Идея противостояния слова-понятия и слова-образа может иметь два источника. С одной стороны, о соотношении языка поэзии и языка обыденной разговорной речи пишет А. Потебня: любое слово первоначально возникает и функционирует как слово с живой образной основой, по мере бытования его внутренняя форма затемняется - так возникает слово-понятие. У А. Потебни оппозиция слово-понятие / слово-образ оценочно не маркирована, хотя в поэзии, по его мнению, слово с незатемненной внутренней формой предпочтительнее: "В поздние периоды языка появляются много слов, в которых содержание непосредственно примыкает к звуку; сравнивши упомянутое состояние слов с таким, когда явственно различаются в нем три момента (внешняя форма, внутренняя форма, значение - Е. Ф.), можем заметить, что в первом случае словам недостает образности и что только в последнем возможно такое их понимание, которое представляет соответствие с пониманием художественного произведения и эстетическим наслаждением. "[9] У А. Белого слово-образ представлено как живое существо с живым смыслом, противоположное ему идеальное слово-понятие представлено как слово-термин ("прекрасный и мертвый кристалл"[10]), в котором отражена идеальная сущность мира. Между словом-термином и словом-образом есть некий промежуточный вариант - слово, по форме напоминающее слово-образ, но на самом деле представляющее собой штамп, убивающий мысль: "Другое дело зловонное слово полуобраз-полутермин, ни то, ни се - гниющая падаль, прикидывающаяся живой: оно, как оборотень, вкрадывается в обиход нашей жизни, что бы ослабить силу нашего творчества…"[11]
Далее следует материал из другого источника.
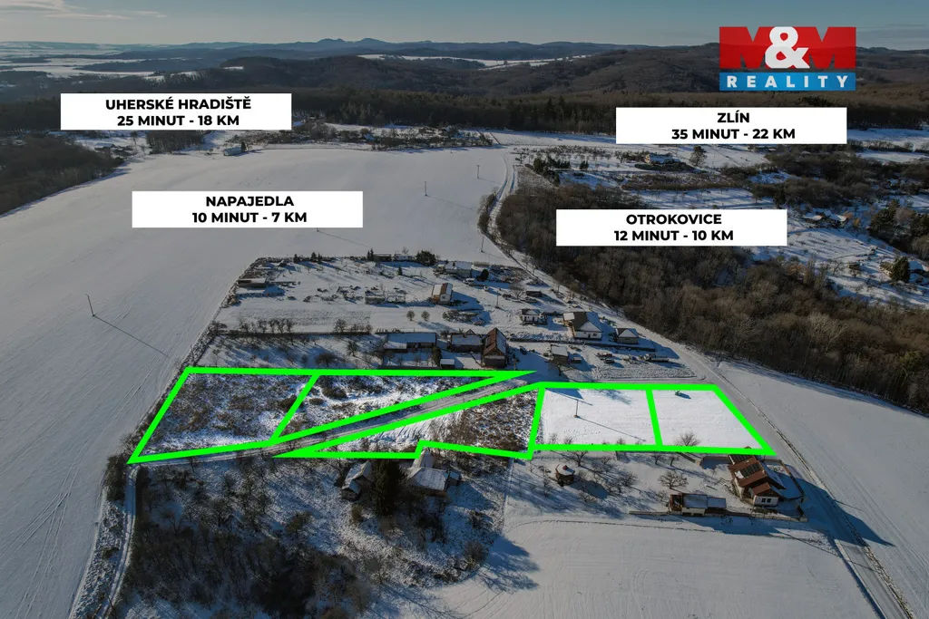 Máme pro Vás pozemek určený k výstavbě. Celková velikost nabízeného pozemku je 8949 m2 a z něj budeme rozdělovat menší pozemky. Jejich velikosti budou definovány potřebami jednotlivých zájemců. Zmíněná velikost 1700 m2 je tedy pouze navrhovanou velikostí. Tato část pozemku, je dle územního plánu vedena v BI (plochy individuálního bydlení). Pozemek je rovinatý a vede k němu veřejně přístupná komunikace. Pozemek se nachází v místní lokalitě zvané Nad Hradským. V této lokalitě jsou již nějaké rodinné domy postaveny, ale jedná se spíš o klidnou lokalitu, poskytující dostatek soukromí a krásné výhledy na okolí. Lokalita je na okraji CHKO Chřiby, ale není už součástí CHKO. Pro jednotlivé domy se předpokládá vybudování studní (je k tomu zpracován hydrogeologický posudek s rozmístěním zdrojů vody) a čističek odpadních vod. Domy, které zde budou postaveny, mohou mít 2 NP a není stanoven koeficient zastavitelnosti. Ke každému pozemku budeme připisovat také podíl na příjezdové komunikaci
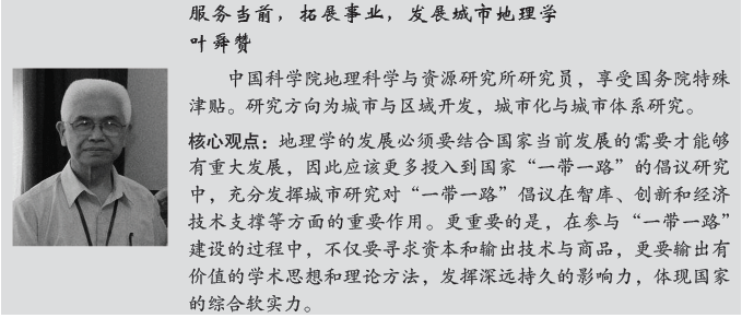 未来中国城市地理研究需要结合国家发展战略。对于当今繁荣的城市地理学,我还有一些看法,就是“我们地理学必须要结合国家当前发展的需要才能够有重要的发展”。过去,为了推动城镇化,我们的城镇规划、区域发展研究进行得轰轰烈烈,取得了丰硕成果。在当前这个阶段,具体来说,我们需要开展“一带一路”发展的战略研究。从目前来看,中国的地理工作者对于中国当前发展重大战略的注意力不够。
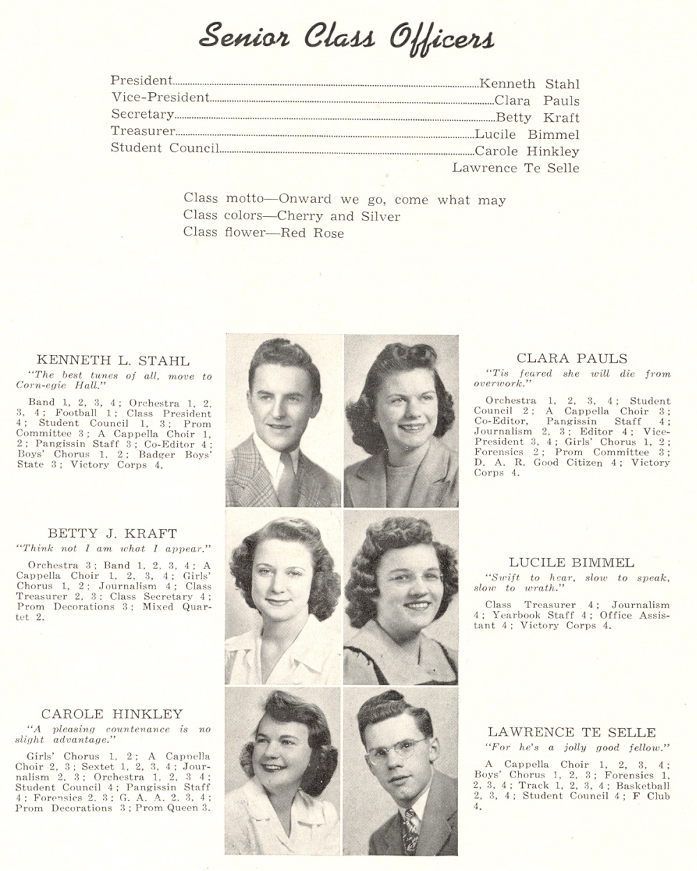 1943 Sheboygan Falls High School, Page 14: Kenneth Stahl, Clara Pauls, Betty Kraft, Lucile Bimmel, Carole Hinkley, Lawrence Te Selle.
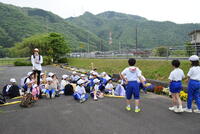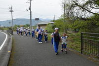 4月28日(月)新入生歓迎遠足を行いました。行き先は旧戸原小学校でした。約3㎞の道のりを、12の縦割り班に分かれてポイントラリーを楽しみながら歩きました。
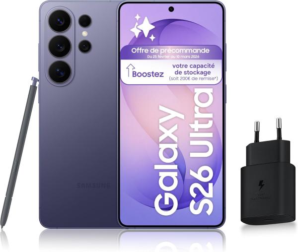 10% de remise sur les précommandes du tout nouveau téléphone connecté Galaxy S26 Ultra de Samsung.
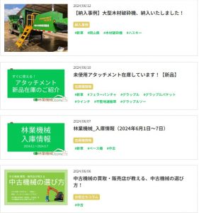林業機械の入庫情報(中古 / 未使用機)、
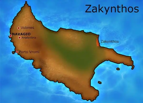 Легендарный Закинф (Zakynthos, Zante) - самый южный из шести крупных Ионических островов, лежит в 15 км южнее Кефалинии и в 18 км от западного побережья Пелопоннеса.
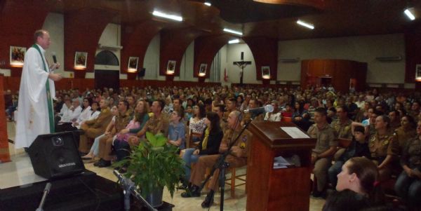 O Padre Valdecir Bressani celebrou a missa organizada pela PM e BM

Образность В. Шершеневич трактует двояко: с одной стороны, по аналогии с "самовитым словом" футуризма, он обращается к отдельному слову как носителю образного значения, понимая его как конкретность в противовес абстрактности слова-понятия; с другой стороны, образностью обладает сочетание слов в образном значении. Во втором случае образность понимается как аналогия: "Эта образность дает нам грандиозный калейдоскоп аналогий в связи с тем, какую сторону слова мы оттеним". [12]
Но одного присутствия образа в тексте не достаточно. Образное выражение должно быть помещено в определенную структуру (позднее эта идея приобретет вид знаменитого "каталога образов"): "В самом деле, поэзия есть ничто иное, как электроцепь образов, которые воспринимаются нами как образы (выделено В. Шершеневичем)". [13] Можно сказать, что в теории В. Шершеневича образ приобретает статус приема. Подобное понимание образа, очевидно, восходит к работам Ф. Маринетти. В. Шершеневич использует футуристическую модель абсолютизации отдельного сегмента поэтического текста: вслед за "словом как таковым", " буквой как таковой", появляется "образ как таковой". Итальянский футурист утверждает: "Образы составляют самую сущность поэзии. Поэзия должна быть непрерывным рядом новых образов"[14] Образ для Ф. Маринетти - это сопоставление как можно более далеких понятий, связь между которыми должна улавливаться интуитивно и мгновенно. Читатель должен постичь сходство двух явлений посредствам "беспроволочного воображения", т.е. без помощи синтаксических или смысловых связи. Цель "непрерывного ряда новых образов" - скорость мышления, динамика. В. Шершеневич отвергает цель, лежащую вне самого образа: он провозглашает образ как самоцель. Для В. Шершеневича "стихотворение есть простая сумма (механическая, а не органическая) n-го количества строк. Каждая строка первенствует в момент чтения. Один (образ - Е. Ф) убивает другой и убивается третьим, и все для того, чтобы с наибольшей силой всколыхнуть психику читателя. [15] Такая композиция, по его мнению, соответствует состоянию современного сознания: "Мы потеряли душу как нечто неделимое. У нас сотни, тысячи кусочков душ". [16] Провозглашаемая В. Шершеневичем дискретность отдельно взятых образов принципиально отличает его теорию от взглядов Ф. Маринетти. Последний предполагает связь ряда образов в сознании читателя, т.к. образы должны изобразить предмет в непрерывном изменении, в динамике.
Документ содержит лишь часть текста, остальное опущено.